[Start of section]
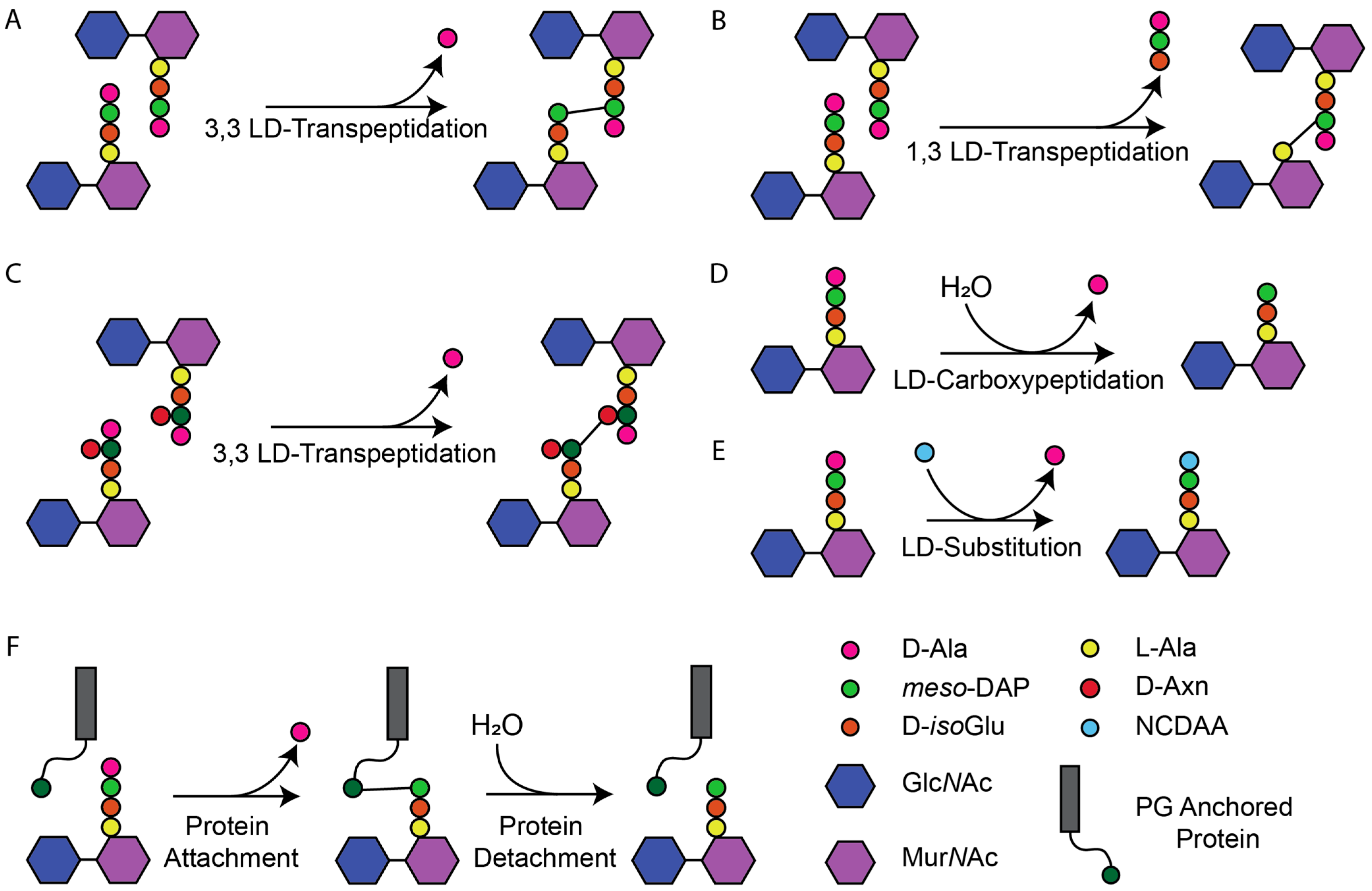 | 3,3-LD-TPase | meso-DAP-meso-DAP | LdtD | E. coli | [28] |
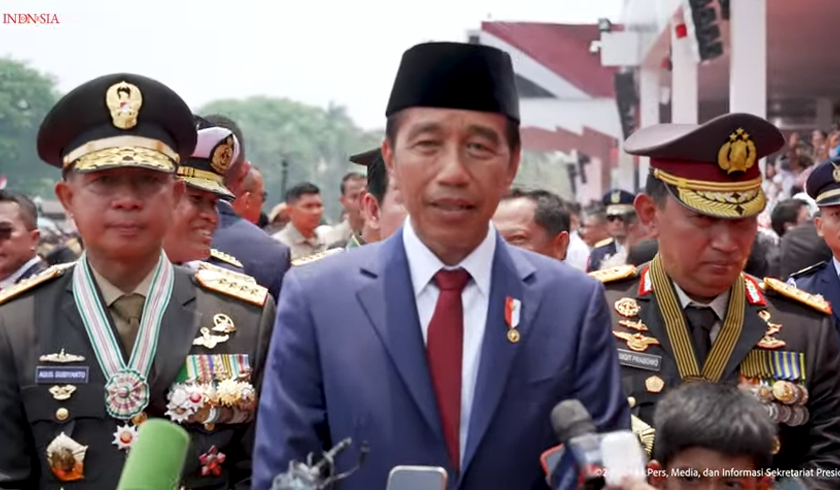 Presiden Jokowi memberikan keterangan pers usai upacara HUT ke-79 TNI di Monas. Foto : Tangkapan layar channel YouTube Sekretariat Presiden
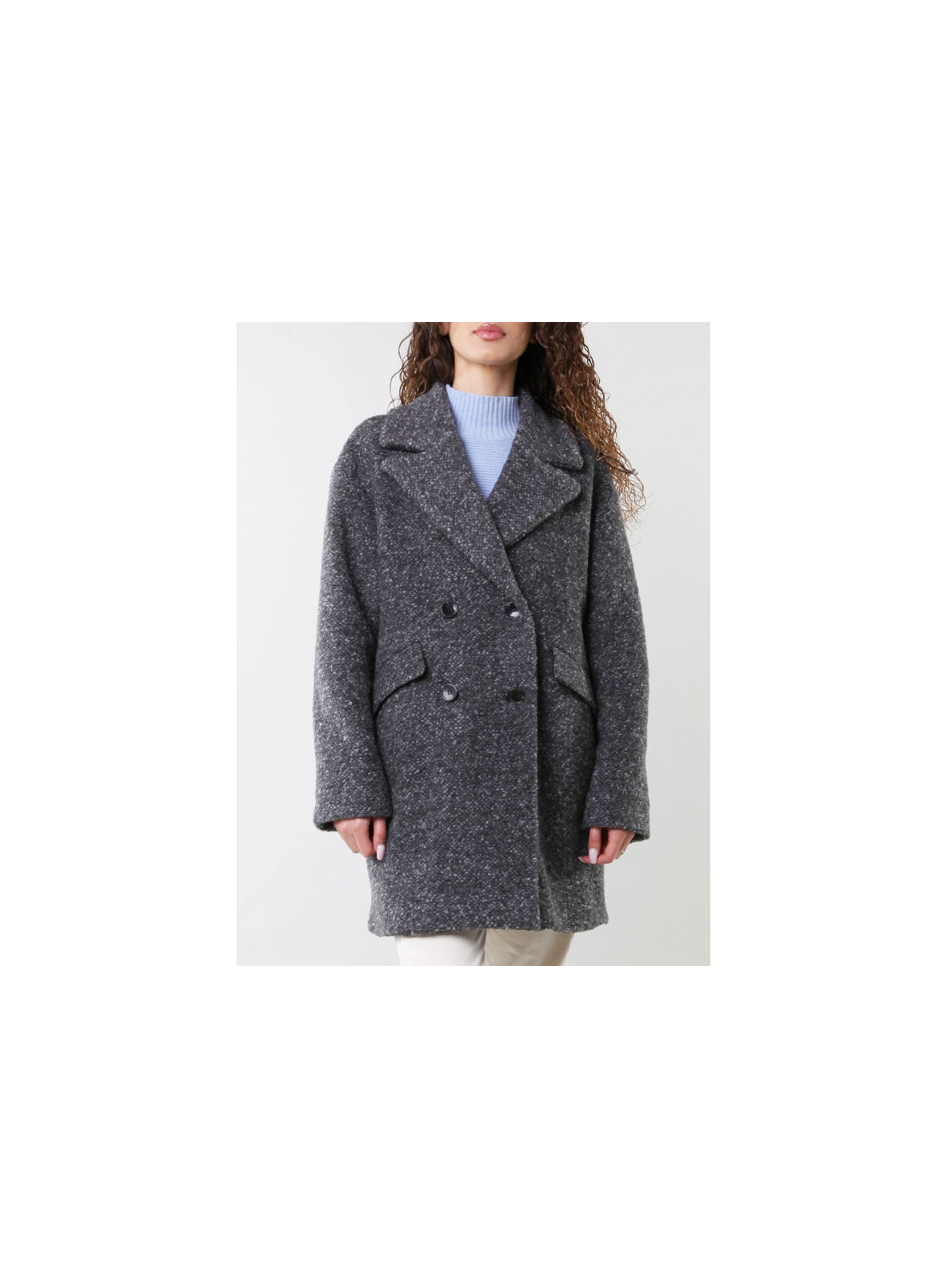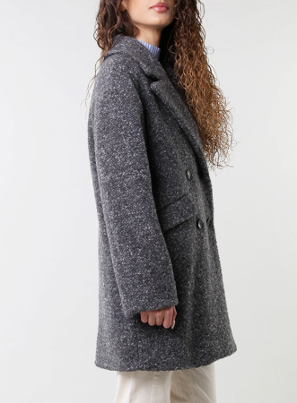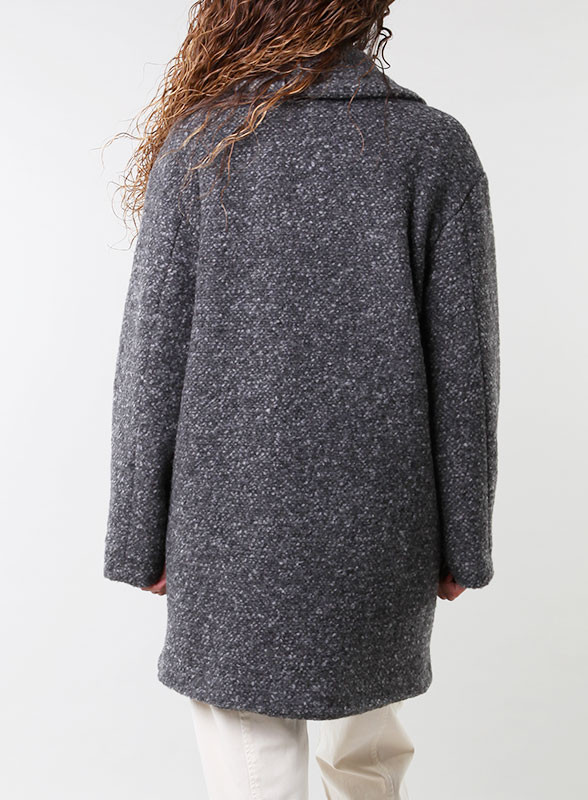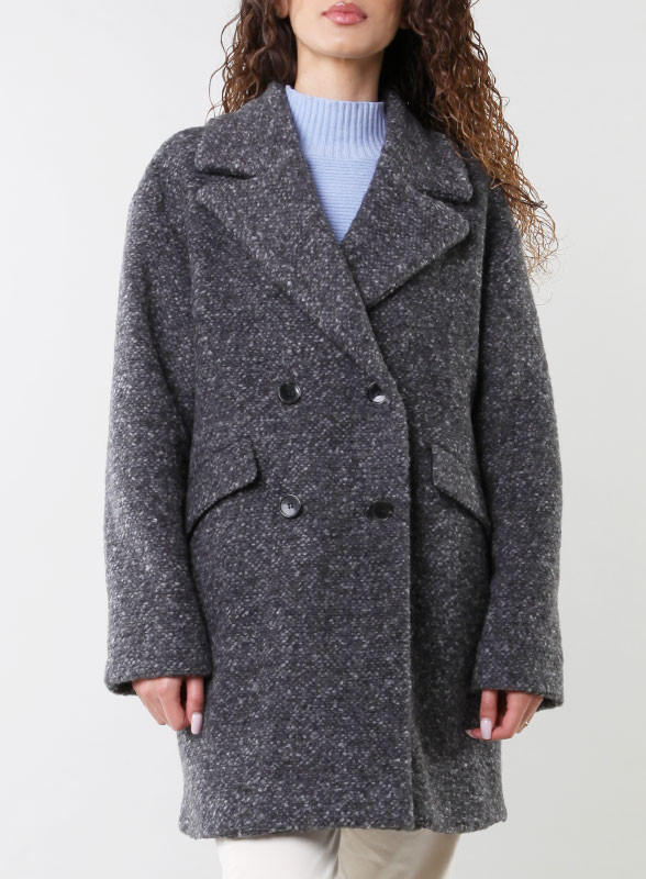 Elegante cappotto doppiopetto in jersey tweed di lana, firmato IBlues. Linea egg shape, tasche a patta, stile contemporaneo.
[End of section]
Exercise goal:
Reproduce the final stretch of lines exactly: the line containing "Presiden Jokowi memberikan" through the last line of the data, both included. Pictures do not belong in the copy.

Response:
 Presiden Jokowi memberikan keterangan pers usai upacara HUT ke-79 TNI di Monas. Foto : Tangkapan layar channel YouTube Sekretariat Presiden
 Elegante cappotto doppiopetto in jersey tweed di lana, firmato IBlues. Linea egg shape, tasche a patta, stile contemporaneo.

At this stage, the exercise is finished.